#### Exercise goal:
Output the data below exactly, images excluded.

#### Dataset content:

• • •

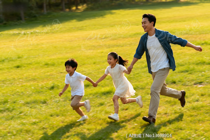 一家三口草地奔跑欢乐时光
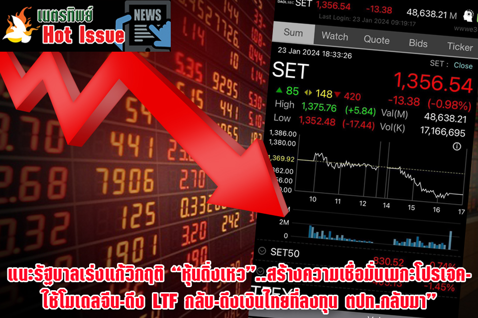 วันนี้ (23 มกราคม 2567) SET ลบ 13.38 จุด ปิด 1,356.54 จุด มูลค่าการซื้อขาย 48,638.21 ล้านบาท โดยตลาดหุ้นไหลลงอย่างเนื่อง ทำนิวโลว์ของปีไปเรื่อยๆ นักลงทุนต่างชาติเทขายหุ้นออกมาไม่หมดสักที
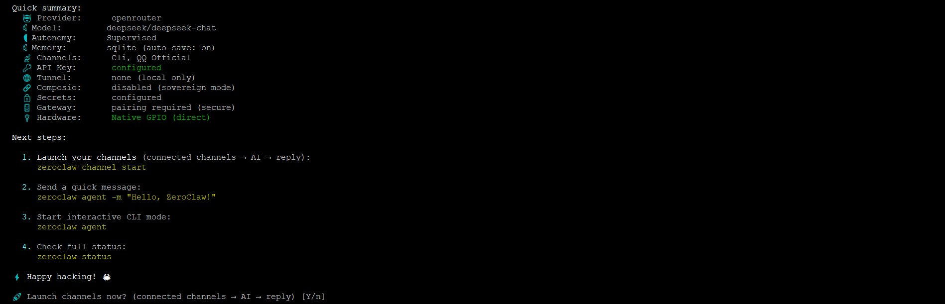 显示如下即为 ZeroClaw 安装成功

• • •

#### Completed exercise:
 一家三口草地奔跑欢乐时光
 วันนี้ (23 มกราคม 2567) SET ลบ 13.38 จุด ปิด 1,356.54 จุด มูลค่าการซื้อขาย 48,638.21 ล้านบาท โดยตลาดหุ้นไหลลงอย่างเนื่อง ทำนิวโลว์ของปีไปเรื่อยๆ นักลงทุนต่างชาติเทขายหุ้นออกมาไม่หมดสักที
 显示如下即为 ZeroClaw 安装成功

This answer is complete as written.